The underpaid and the badly exploited Zohra Bibis, without whose services most middle-class households would grind to a halt, sit on the ground, eat food from plates separately kept for them and are not allowed to use toilets in the houses they sweep and clean. The signs of class apartheid are simply too many to compile a holistic list. One particularly embarrassing sight many of us are likely to have been confronted with on more than one occasion is that of young working class girls in restaurants standing by or sitting awkwardly in silence as a chattering middle class family tucks into a meal and she minds their brattish child. Class apartheid is undoubtedly not peculiar to India. Yet there does seem to be a certain uniqueness to the audacity with which the privileged leverage their status to both degrade the poor and mark out a space for themselves.

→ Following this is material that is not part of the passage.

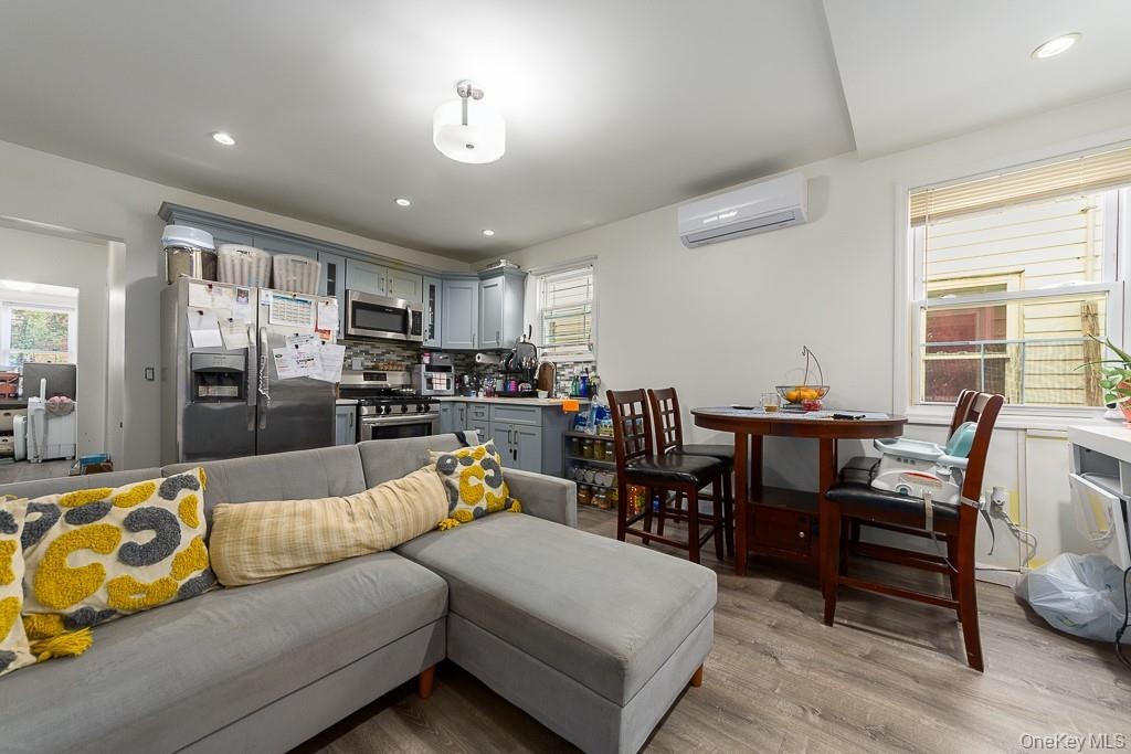 - Living area with light wood-type flooring, an AC wall unit, and recessed lighting

All this has led to a singular attrition of the dignity of labour in Indian society – although there was never much dignity to begin with. In his book Capital: A Portrait of Twenty-First Century Delhi, Rana Dasgupta writes about an array of Delhi’s underclasses – domestic workers, cooks, gardeners – all of whom are essential to their well-heeled employers leading comfortable lives. Reviewing his book in New Republic, historian Ramachandra Guha writes: “Reading Dasgupta on Delhi’s urban underclass recalled for me what Eduardo Galeano once wrote of their Latin American counterparts, who likewise ‘sell newspapers they cannot read, sew clothes they cannot wear, polish cars they will never own and construct buildings where they will never live.'”
But there is a new element, a twist, in this age-old tale of discrimination and exploitation. And that element is rage. The stone-throwing and gate-rattling at Mahagun Moderne is just one of the many public and spontaneous expressions of anger which we have been witness to in the recent past. Revolutions of the kind that once shook the world may not be in the making. But millions of small mutinies are unfolding across a range of spaces.